Data below
-------

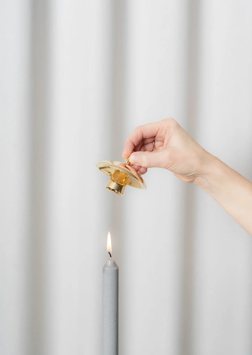 Flora is a candle extinguisher with a sculptural quality. When not in use, Flora can stand as an elegant solitaire and as a purely decorative object. The elements of its shape – handle, heat shield and the candle extinguisher itself mimic the parts of a lily – stem, petals and corona
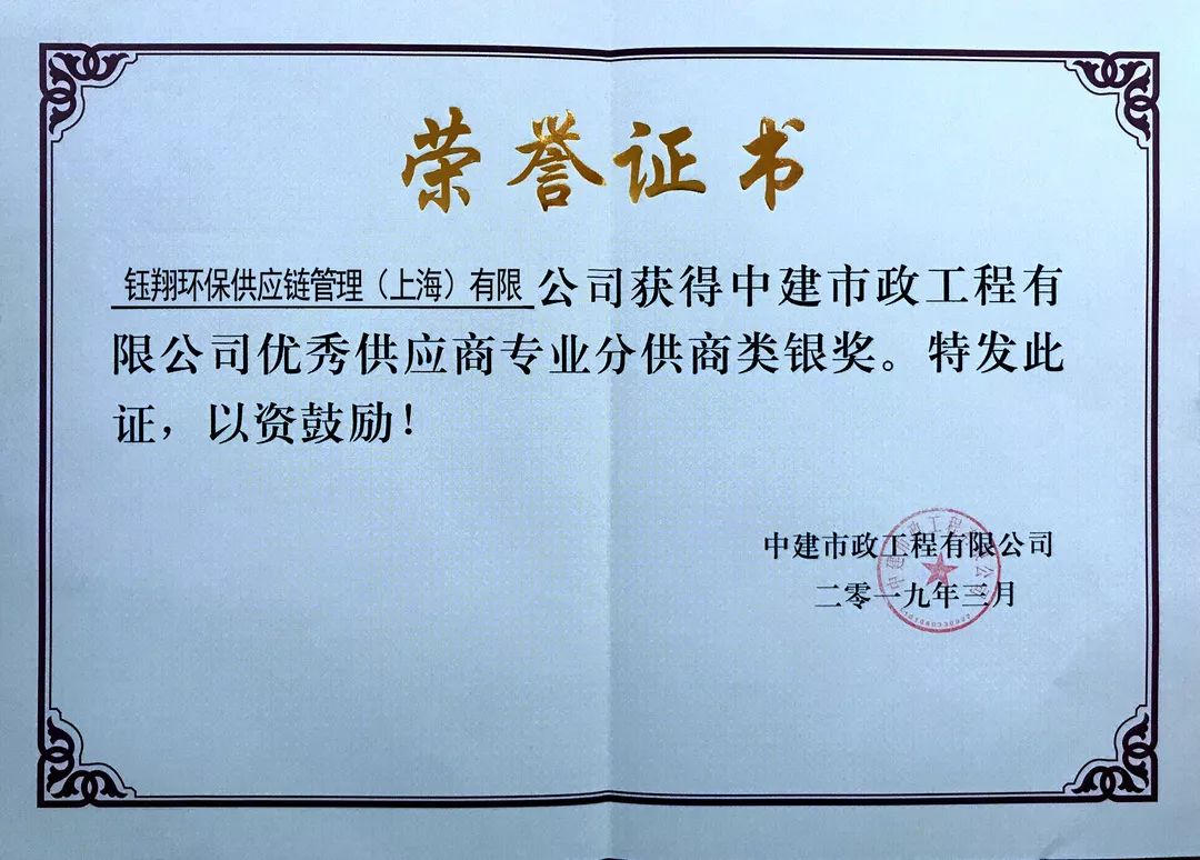 鈺翔環保供應鏈管理(上海)有限公司被中建市政工程有限公司評為優秀供應商
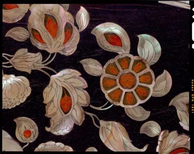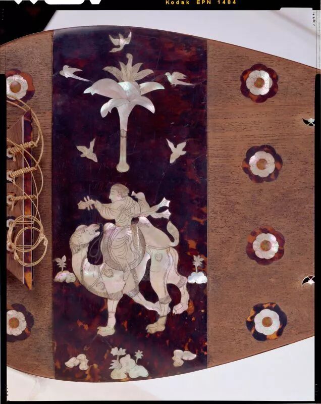 螺钿紫檀五弦琵琶 局部,骆驼和旅人的图样具有明显的西域风情
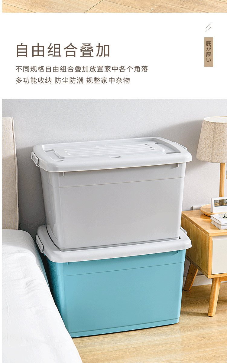 商品名称:120L蓝色单只装特大号 塑料收纳箱整理箱加厚储物箱

-------

About this task
Would you restate word for word only the lines from the line with "螺钿紫檀五弦琵琶 局部,骆驼和旅人的图样具有明显的西域风情" to the last line above, with the pictures left out?

Finished exercise
 螺钿紫檀五弦琵琶 局部,骆驼和旅人的图样具有明显的西域风情
 商品名称:120L蓝色单只装特大号 塑料收纳箱整理箱加厚储物箱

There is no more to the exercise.